The band signed to Sub Pop, which released Rag-N-Roll in 1997. Recorded in a single day, the debut album was a blend of original songs and spirited covers of Professor Longhair, Lead Belly, and Gershwin tunes. The album was met with critical acclaim, and Allmusic praised the album as “uncommonly genuine, like serious musicians having the drunken time of their lives”. Comparisons with fellow North Carolinians Squirrel Nut Zippers followed, though the Rags were quick to point out differences between the two bands’ styles, live shows, and influences. Plus, as drummer Mike Rhodes once noted, “Swing dancers hate us, because we play too fast".

The band's second album, Eat at Joe’s, was recorded in New York with producer Joe Blaney and released in 1999. It consisted almost entirely of band originals and garnered some positive reviews, with CMJ calling it, "Pure retro fun without a trace of irony".
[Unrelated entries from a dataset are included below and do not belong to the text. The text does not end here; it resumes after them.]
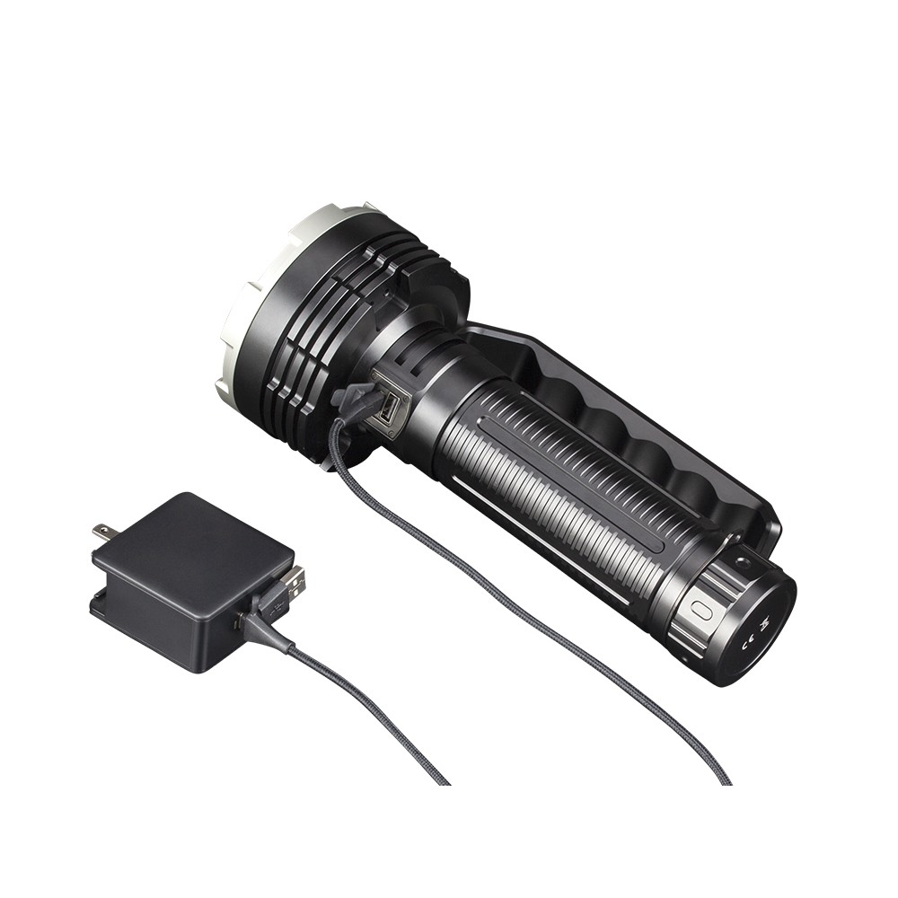 Корпус ліхтаря зроблений з міцного алюмінієвого сплаву а6061-Т6. Є преміальне Жорстке анодування третього типу, стійке до абразивів. Модель добре захищена від вологи і пилу, стандарт IP68. Легко переносить падіння з висоти одного метра, не пошкоджуючись. Габарити моделі складають 259*108*54 міліметра. Важить 1636 грам, включаючи вагу батареї.
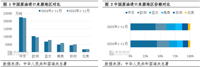 2025年中国原油进口来源依然主要集中在中东及欧洲地区,但受到全球石油贸易流向调整等因素影响,中国自上述两个地区的进口量较去年同期有所减少。1-11月份数据来看,中国自中东地区进口量减少2.0%,至22020万吨,占比份额下降2.3个百分点至42.2%;自欧洲地区进口量减少7.3%,至9513万吨,占比份额下降2.1个百分点至18.2%。
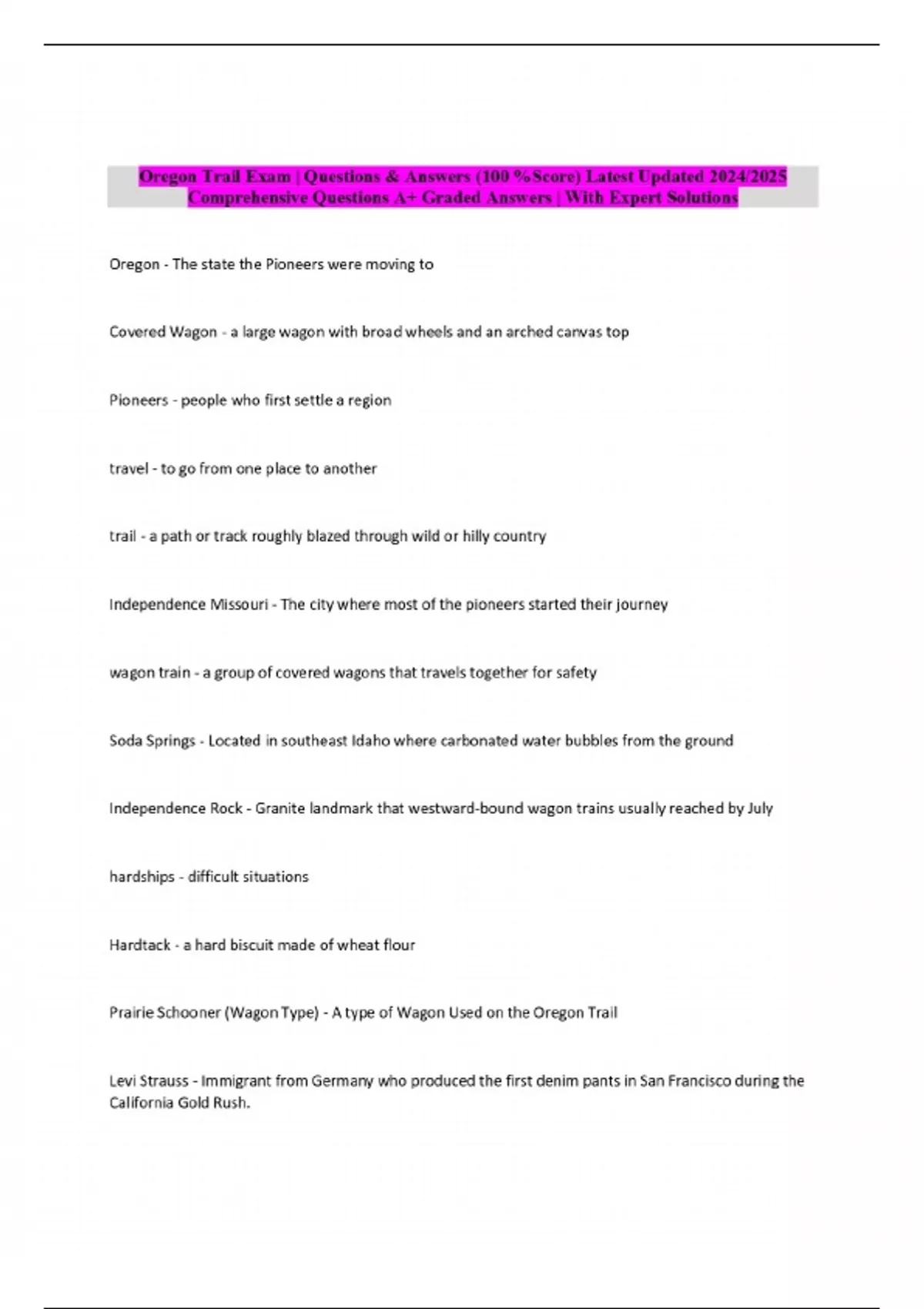 Oregon Trail Exam | Questions & Answers 3 Exam (elaborations) Oregon Trail Exam | Questions & Answers 4 Exam (elaborations) Oregon Trail Exam | Questions & Answers 5 Exam (elaborations) Oregon Trail Exam | Questions & Answers 6 Exam (elaborations) Oregon Trail Facts Exam | Questions & Answers 7 Exam (elaborations) Oregon Trail Facts Final Exam | Qu
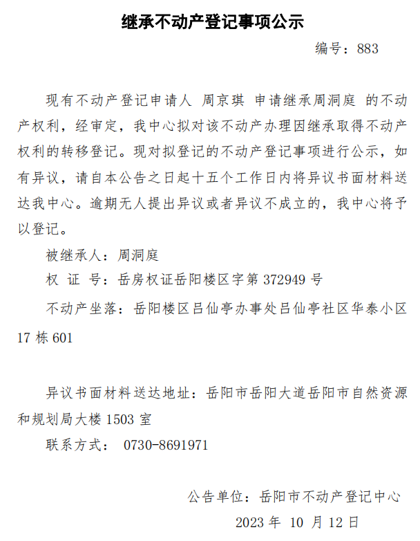 继承不动产登记公示 编号:周京琪(883)
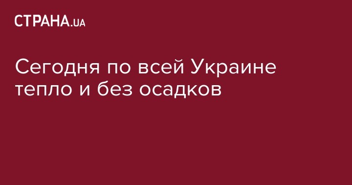 Во вторник, 6 сентября, на всей территории Украины установится сухая погода, воздух прогреется до +26...+30 в зависимости от региона. Об этом говорит прогноз Укргидрометцентра.
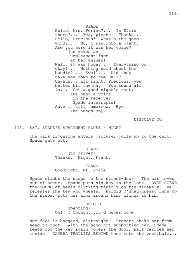 On the following page of The Maltese Falcon screenplay, Spade has a phone conversation revealing his personality in subtle ways, then takes a limousine to Brigid’s apartment:
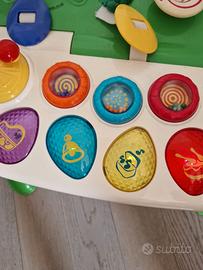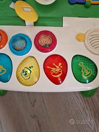 Palestra trasformabile in un tavolino a due altezze, con tre posizioni di gioco, pannello elettronico, attività manuali, effetti sonori, tre pendenti removibili. Età dai 3 mesi in su. In ottime condizioni e perfettamente funzionante!
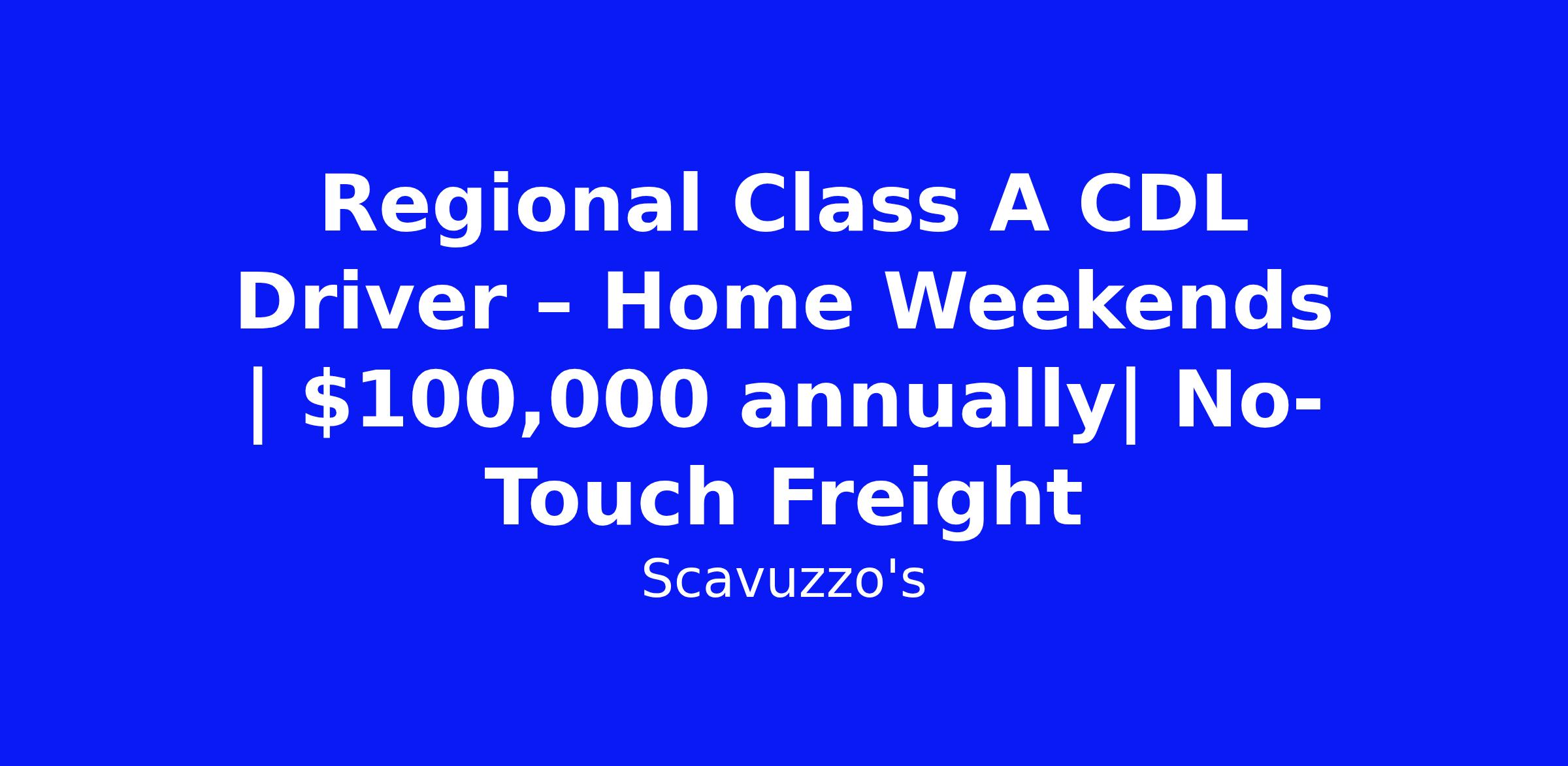 Regional Class A CDL Driver – Home Weekends | $100,000 | No-Touch Freight Scavuzzo’s Inc.Scavuzzo’s Inc., a well-established, family-owned company, is hiring Regional Class A CDL Drivers. If you’re looking for consistent miles, strong weekly pay, and guaranteed weekends at home, we’d love to talk with you.
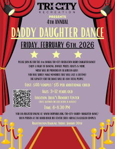Please join us for the Third Annual Tri-City Daddy Daughter Dance! Enjoy a night of dancing, dinner, prizes, crafts and more. Music will be provided by DJ Kirstan Gray. You will surely make memories that will last a lifetime!

By September 1999, the band had parted ways with Sub Pop. In an interview with Asheville's Mountain Xpress, Hollifield expressed his frustration with the band's record label experience. The group informally disbanded in 2000. A third album was recorded around this time, but untimely record label mergers put its release in limbo.

In the years since, the band has staged occasional reunion shows in the Asheville area. The band members have all moved on to various musical projects, including Bill Reynolds, who is currently the bassist for Band of Horses.